You mean the data_file_is_raw() path in qcow2_cluster_zeroize()? It's
currently not a code path that is run because we only set
BDRV_REQ_ZERO_WRITE for truncate if the image has a backing file, and
data_file_is_raw() doesn't work with backing files.
But hypothetically, if someone called truncate with BDRV_REQ_ZERO_WRITE
for such a file, I think it would fail.
> If so,
>
> Reviewed-by: Eric Blake <eblake@redhat.com>
>
> otherwise, you may have to treat the tail specially, the same way you
> treated an unaligned head.
Actually, do I even need to round the tail?

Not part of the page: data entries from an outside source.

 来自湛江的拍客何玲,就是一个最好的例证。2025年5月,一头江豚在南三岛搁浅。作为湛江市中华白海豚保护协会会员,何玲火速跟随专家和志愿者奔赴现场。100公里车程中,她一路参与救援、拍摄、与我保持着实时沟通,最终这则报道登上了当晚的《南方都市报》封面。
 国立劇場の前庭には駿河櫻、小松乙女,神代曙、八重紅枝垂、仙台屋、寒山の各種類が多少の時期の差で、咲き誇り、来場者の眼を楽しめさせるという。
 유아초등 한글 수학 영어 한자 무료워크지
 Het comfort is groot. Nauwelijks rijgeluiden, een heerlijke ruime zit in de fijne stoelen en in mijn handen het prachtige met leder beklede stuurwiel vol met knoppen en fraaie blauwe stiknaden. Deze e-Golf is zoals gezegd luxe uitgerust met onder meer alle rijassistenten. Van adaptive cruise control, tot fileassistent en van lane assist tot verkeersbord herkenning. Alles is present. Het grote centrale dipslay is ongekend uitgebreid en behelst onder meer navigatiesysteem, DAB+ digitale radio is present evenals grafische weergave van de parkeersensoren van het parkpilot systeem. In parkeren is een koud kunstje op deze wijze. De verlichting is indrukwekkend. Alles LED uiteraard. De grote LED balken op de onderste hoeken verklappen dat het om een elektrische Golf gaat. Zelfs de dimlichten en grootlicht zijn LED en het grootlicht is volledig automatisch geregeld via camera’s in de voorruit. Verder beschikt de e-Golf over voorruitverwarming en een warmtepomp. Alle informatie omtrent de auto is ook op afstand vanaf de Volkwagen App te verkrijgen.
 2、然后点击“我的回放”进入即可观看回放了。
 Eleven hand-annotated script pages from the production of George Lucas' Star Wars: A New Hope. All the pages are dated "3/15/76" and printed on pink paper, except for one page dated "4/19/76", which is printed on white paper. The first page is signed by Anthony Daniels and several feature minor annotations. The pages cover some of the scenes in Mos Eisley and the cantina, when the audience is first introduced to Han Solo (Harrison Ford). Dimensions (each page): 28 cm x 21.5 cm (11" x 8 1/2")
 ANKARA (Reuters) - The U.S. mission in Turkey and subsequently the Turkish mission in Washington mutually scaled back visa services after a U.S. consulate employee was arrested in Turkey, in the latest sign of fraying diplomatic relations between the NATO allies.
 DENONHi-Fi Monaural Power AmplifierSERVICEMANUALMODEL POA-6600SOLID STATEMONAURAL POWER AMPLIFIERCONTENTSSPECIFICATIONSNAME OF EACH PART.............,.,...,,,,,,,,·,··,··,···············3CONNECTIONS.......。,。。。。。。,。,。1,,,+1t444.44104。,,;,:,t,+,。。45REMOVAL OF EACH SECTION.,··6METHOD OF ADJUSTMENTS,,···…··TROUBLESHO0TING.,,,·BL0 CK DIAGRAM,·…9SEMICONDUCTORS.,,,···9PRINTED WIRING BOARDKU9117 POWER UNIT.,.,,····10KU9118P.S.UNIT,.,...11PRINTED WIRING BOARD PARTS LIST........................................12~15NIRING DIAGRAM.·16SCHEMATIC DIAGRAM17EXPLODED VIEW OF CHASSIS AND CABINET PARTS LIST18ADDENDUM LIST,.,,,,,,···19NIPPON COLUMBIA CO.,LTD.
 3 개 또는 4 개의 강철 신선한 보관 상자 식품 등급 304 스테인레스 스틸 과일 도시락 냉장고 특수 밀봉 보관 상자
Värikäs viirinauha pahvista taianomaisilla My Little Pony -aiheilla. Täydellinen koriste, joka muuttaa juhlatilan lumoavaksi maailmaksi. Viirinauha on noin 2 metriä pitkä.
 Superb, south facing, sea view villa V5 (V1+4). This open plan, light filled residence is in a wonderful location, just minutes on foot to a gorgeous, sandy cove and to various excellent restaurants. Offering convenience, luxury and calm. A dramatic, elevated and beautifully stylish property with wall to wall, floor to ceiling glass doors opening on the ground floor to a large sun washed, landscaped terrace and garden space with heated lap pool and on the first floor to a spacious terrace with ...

/* Caller must pass aligned values, except at image end */
assert(QEMU_IS_ALIGNED(offset, s->cluster_size));
assert(QEMU_IS_ALIGNED(end_offset, s->cluster_size) ||
end_offset == bs->total_sectors << BDRV_SECTOR_BITS);
So qcow2_cluster_zeroize() seems to accept the unaligned tail. It would
still set the zero flag for the partial last cluster and for the
external data file, bdrv_co_pwrite_zeroes() would have the correct size.
Kevin
On 4/22/20 10:58 AM, Kevin Wolf wrote:
>>> @@ -4214,6 +4215,35 @@ static int coroutine_fn qcow2_co_truncate(BlockDriverState *bs, int64_t offset,
>>> g_assert_not_reached();
>>> }
>>> + if ((flags & BDRV_REQ_ZERO_WRITE) && offset > old_length) {
>>> + uint64_t zero_start = QEMU_ALIGN_UP(old_length, s->cluster_size);
>>> + uint64_t zero_end = QEMU_ALIGN_UP(offset, s->cluster_size);
>>
>> This rounds up beyond the new size...
>>
>>> +
>>> + /* Use zero clusters as much as we can */
>>> + ret = qcow2_cluster_zeroize(bs, zero_start, zero_end - zero_start, 0);
>>
>> and then requests that the extra be zeroed. Does that always work, even
>> when it results in pdrv_co_pwrite_zeroes beyond the end of s->data_file?
>
> You mean the data_file_is_raw() path in qcow2_cluster_zeroize()? It's
> currently not a code path that is run because we only set
> BDRV_REQ_ZERO_WRITE for truncate if the image has a backing file, and
> data_file_is_raw() doesn't work with backing files.
Good point.
>
> But hypothetically, if someone called truncate with BDRV_REQ_ZERO_WRITE
> for such a file, I think it would fail.
>
>> If so,
>>
>> Reviewed-by: Eric Blake <eblake@redhat.com>
>>
>> otherwise, you may have to treat the tail specially, the same way you
>> treated an unaligned head.
>
> Actually, do I even need to round the tail?
>
> /* Caller must pass aligned values, except at image end */
> assert(QEMU_IS_ALIGNED(offset, s->cluster_size));
> assert(QEMU_IS_ALIGNED(end_offset, s->cluster_size) ||
> end_offset == bs->total_sectors << BDRV_SECTOR_BITS);
>
> So qcow2_cluster_zeroize() seems to accept the unaligned tail. It would
> still set the zero flag for the partial last cluster and for the
> external data file, bdrv_co_pwrite_zeroes() would have the correct size.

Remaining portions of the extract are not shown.